Deeplearning4j supports CUDA but can be further accelerated with cuDNN, starting with version 0.4.0. Currently only CNNs are supported, but support for RNNs is also planned. To use cuDNN, you will first need to switch ND4J to the CUDA backend. This can be done by replacing nd4j-native with nd4j-cuda-7.5 or nd4j-cuda-8.0 in your pom.xml files, ideally adding a dependency on nd4j-cuda-7.5-platform or nd4j-cuda-8.0-platform to include automatically binaries from all platforms:

 <dependency>
   <groupId>org.nd4j</groupId>
   <artifactId>nd4j-cuda-7.5-platform</artifactId>
   <version>${nd4j.version}</version>
 </dependency>

or

 <dependency>
   <groupId>org.nd4j</groupId>
   <artifactId>nd4j-cuda-8.0-platform</artifactId>
   <version>${nd4j.version}</version>
 </dependency>

More information about that can be found among the installation instructions for ND4J.

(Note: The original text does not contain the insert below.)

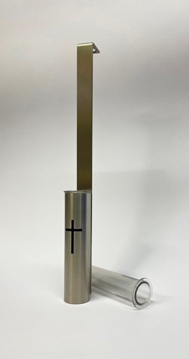 Entdecken Sie unsere einzigartigen handgefertigten Edelstahlvasen und Kerzenhalter. Soll die Vase zum Einhängen , Einklemmen oder auch Ankleben sein ? Das hängt von der jeweiligen Urnenwand ab. Bei aufgesetzter Platte empfiehlt sich das Einhängen (wichtig ist die Plattendicke) , bei ebener Platte zur Wand ist das Einklemmen (im oberen Spalt ) eine gute Wahl. Auch hier ist die Plattendicke und zusätzlich der obere Spalt für das Einklemmen zu messen. Die Halterlänge ist standardmäßig ca. 290 mm. Sie kann natürlich auch nach Wunsch geändert werden. Bitte beachten Sie , dass ohne Angabe der Anbringung - sowie Maßangaben der Plattendicke und oberer Spalt - keine Lieferung möglich ist. Sonderausführungen sind machbar. Bei Fragen stehen wir Ihnen selbstverständlich gerne zur Verfügung .

The only other thing we need to do to have DL4J load cuDNN is to add a dependency on deeplearning4j-cuda-7.5 or deeplearning4j-cuda-8.0, for example:

 <dependency>
   <groupId>org.deeplearning4j</groupId>
   <artifactId>deeplearning4j-cuda-7.5</artifactId>
   <version>${dl4j.version}</version>
 </dependency>

or

 <dependency>
   <groupId>org.deeplearning4j</groupId>
   <artifactId>deeplearning4j-cuda-8.0</artifactId>
   <version>${dl4j.version}</version>
 </dependency>

The actual library for cuDNN is not bundled, so be sure to download and install the appropriate package for your platform from NVIDIA:

Note that only cuDNN 5.1 is supported. To install, simply extract the library to a directory found in the system path used by native libraries. The easiest way is to place it alongside other libraries from CUDA in the default directory (/usr/local/cuda/lib64/ on Linux, /usr/local/cuda/lib/ on Mac OS X, and C:\Program Files\NVIDIA GPU Computing Toolkit\CUDA\v7.5\bin\ or C:\Program Files\NVIDIA GPU Computing Toolkit\CUDA\v8.0\bin\ on Windows).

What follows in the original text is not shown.